§ **Exercise objective**
Which of the lines in the data mention the string "einer"? List them all.

§ **Given information**

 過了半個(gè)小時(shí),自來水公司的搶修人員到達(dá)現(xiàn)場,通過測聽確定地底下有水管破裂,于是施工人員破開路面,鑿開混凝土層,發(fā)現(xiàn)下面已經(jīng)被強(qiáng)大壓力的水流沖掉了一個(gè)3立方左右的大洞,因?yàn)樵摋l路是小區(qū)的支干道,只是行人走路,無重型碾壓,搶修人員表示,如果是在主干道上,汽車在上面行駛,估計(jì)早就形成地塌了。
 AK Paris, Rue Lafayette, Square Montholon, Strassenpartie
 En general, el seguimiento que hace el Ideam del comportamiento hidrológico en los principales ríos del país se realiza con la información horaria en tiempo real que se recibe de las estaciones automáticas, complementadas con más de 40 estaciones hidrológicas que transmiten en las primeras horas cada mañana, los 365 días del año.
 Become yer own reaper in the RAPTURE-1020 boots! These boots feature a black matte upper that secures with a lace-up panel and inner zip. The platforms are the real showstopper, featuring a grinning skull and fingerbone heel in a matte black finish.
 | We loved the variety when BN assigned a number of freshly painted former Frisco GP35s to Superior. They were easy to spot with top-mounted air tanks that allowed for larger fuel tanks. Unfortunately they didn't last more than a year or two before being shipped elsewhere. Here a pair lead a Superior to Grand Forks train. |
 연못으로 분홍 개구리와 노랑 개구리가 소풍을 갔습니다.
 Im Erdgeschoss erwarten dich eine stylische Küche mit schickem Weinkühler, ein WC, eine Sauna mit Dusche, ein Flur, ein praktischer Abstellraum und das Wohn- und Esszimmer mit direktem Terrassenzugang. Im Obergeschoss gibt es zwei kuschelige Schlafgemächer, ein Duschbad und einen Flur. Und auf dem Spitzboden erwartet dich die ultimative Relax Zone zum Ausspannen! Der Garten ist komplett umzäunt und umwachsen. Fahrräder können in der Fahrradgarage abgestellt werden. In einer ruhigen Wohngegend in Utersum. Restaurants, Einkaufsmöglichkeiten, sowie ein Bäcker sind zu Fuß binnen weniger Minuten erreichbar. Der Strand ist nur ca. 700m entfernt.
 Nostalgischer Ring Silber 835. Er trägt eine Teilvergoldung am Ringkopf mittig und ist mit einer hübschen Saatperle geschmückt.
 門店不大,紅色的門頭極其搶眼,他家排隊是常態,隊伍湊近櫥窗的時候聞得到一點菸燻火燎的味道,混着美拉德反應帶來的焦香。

§ **Answer to this problem**
 Im Erdgeschoss erwarten dich eine stylische Küche mit schickem Weinkühler, ein WC, eine Sauna mit Dusche, ein Flur, ein praktischer Abstellraum und das Wohn- und Esszimmer mit direktem Terrassenzugang. Im Obergeschoss gibt es zwei kuschelige Schlafgemächer, ein Duschbad und einen Flur. Und auf dem Spitzboden erwartet dich die ultimative Relax Zone zum Ausspannen! Der Garten ist komplett umzäunt und umwachsen. Fahrräder können in der Fahrradgarage abgestellt werden. In einer ruhigen Wohngegend in Utersum. Restaurants, Einkaufsmöglichkeiten, sowie ein Bäcker sind zu Fuß binnen weniger Minuten erreichbar. Der Strand ist nur ca. 700m entfernt.
 Nostalgischer Ring Silber 835. Er trägt eine Teilvergoldung am Ringkopf mittig und ist mit einer hübschen Saatperle geschmückt.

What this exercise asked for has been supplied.